First, let me to wish all the visitors to my blog a very happy and prosperous 2011.
Second, I just made a leveraged buy-out deal; MTV is my property now and I am ready to launch my own satellite into space.
Third, I just made this up; in reality I have only launched my own video channel (TTV: writersblocktgh) on YouTube whose URL is:
http://www.blogger.com/%20http://www.youtube.com/user/writersblocktgh/
Since the world’s dumb fingers are too busy punching ‘smart’ Black Berry and I-Phone buttons these days, allow me to tell you something about the kind of work that I have done in the past. Now please do not get any ideas that might be funnier than my own.
Way back in the early 1990s, I was commissioned to write and compose for, arrange, record, mix and produce an upcoming band from Lahore called Wet Metal. The boys never played metal music but rather excelled at doing pop cover tunes at weddings and concerts.
I will spare you the details that will look better in a book I am contemplating writing and which is tentatively titled ‘The Missing Pages Of Pakistani Pop History’.
The title of the Urdu song Pyar Ki Piyas means 'Thirst For Love’; it was written in an era when men had stopped thirsting for knowledge.

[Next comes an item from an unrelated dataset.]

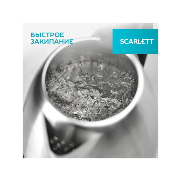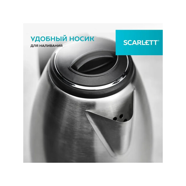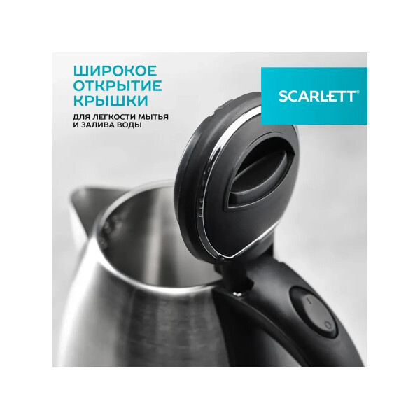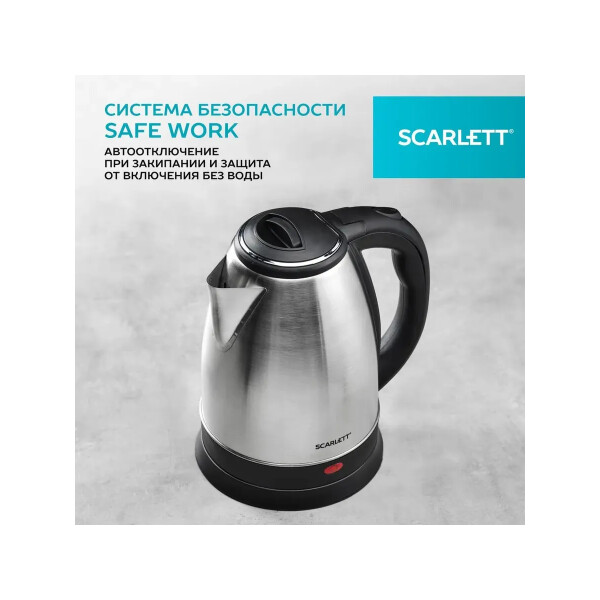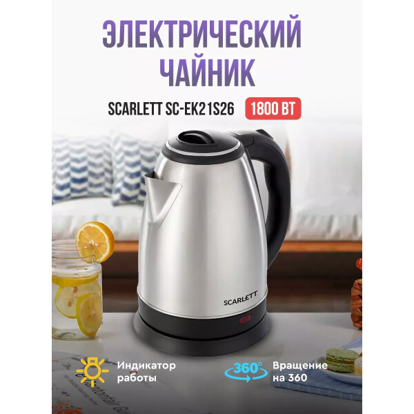 Модель Scarlett SC-EK21S26 дополнена визуально понятной индикацией работы и возможностью свободного вращения на подставке. Чайник весит 0.8 кг и обладает габаритами 18x23x19 см. Предусматривается наличие блокировки включения и функции автоотключения при закипании. Чайник дополнен эргономичной ручкой для удобного открытия крышки и отсеком в подставке для хранения шнура.

Najam Shiraz was then the lead singer for Wet Metal, with Shehryar as the guitarist, Ali at the keyboards and Saeed Hasan Turk on the drums (in the video you see Tariq Tafu pounding away at the drum-kit).
The song’s video was aimed to give the public a taste of Wet Metal’s upcoming debut album for which I was hired to do everything except appear as a regular band member. The song was slated for release as a debut single.
To this day, I retain the ownership rights to the lyrics, composition and the arrangement. It was also stipulated in the original contract that I had the ‘right to later release the same song with an altered arrangement under my own name’. Who knows, I just might decide to release a Pyar Ki Piyas video under the right launch conditions. It will not be difficult to get people from Bollywood interested in a re-make of the song but then who wants to see scantily-clad women dancing to my song?—not I. As it is, Munni’s notoriety (Munni badnaam huwee) and Sheila’s (Sheila ki jawani) youth has been rather over-exposed in public.
Mismanagement claimed the life of Wet Metal; it split shortly after the release of this video. Najam Shiraz later released Pyar Ki Piyas in his debut audio album, Khazana, in 1996. Although not fully acknowledged for my work, my name was misspelled in the album’s liner notes as Tahir Hassan Gul. You will not see my name on pirated CD versions released later because the album was originally released in cassette format.
I wrote Piyar Ki Pyas in 1991, composed and played all electronic instruments (sequencing) and single-handedly recorded and mixed the analogue audio tracks at my own studios (Sound On Sound, Karachi). Najam Shiraz only recorded the lead and backup vocals. Because since childhood I have been quite comfortable with oohs and aahs, you can actually hear me do the same in the song’s backup vocal track.
Shehryar played the guitar solo whose melody I hummed to him as we recorded the take. Ali is pretending to play the keyboards and Tariq Tafu is doing the same with the drums; such make belief happens in film and music all the time. What was certainly not my idea was Najam getting caught with his pants down, wearing just the shorts, when he sings meray yeh haalaat hein (meaning: this is my condition).
Fast forward nineteen years.
Najam Shiraz is now an internationally known Pakistani pop singer. We still see each other every few years. He says he announces my name whenever he sings this song on stage; I have no reason to doubt that. Not many these days admit in public what ladders and shoulders they rented to get to such dizzying heights. Indeed Najam's success is his own doing.
All the meticulous track-sheets, master mix-down track and contractual paperwork are still in my possession. This is proof of the pudding I made years ago and which—despite the passage of so many years—I enjoy consuming in my memory’s dessert plate once in a while.
By today’s standards, the song might sound a bit dated but listen to it with ears from the 90s. If I manage to salvage the original digital audio tape (DAT), you will be able to listen to a high quality audio version of Pyar Ki Piyas. I also intend to post the original Urdu lyrics and their translation here on my blog.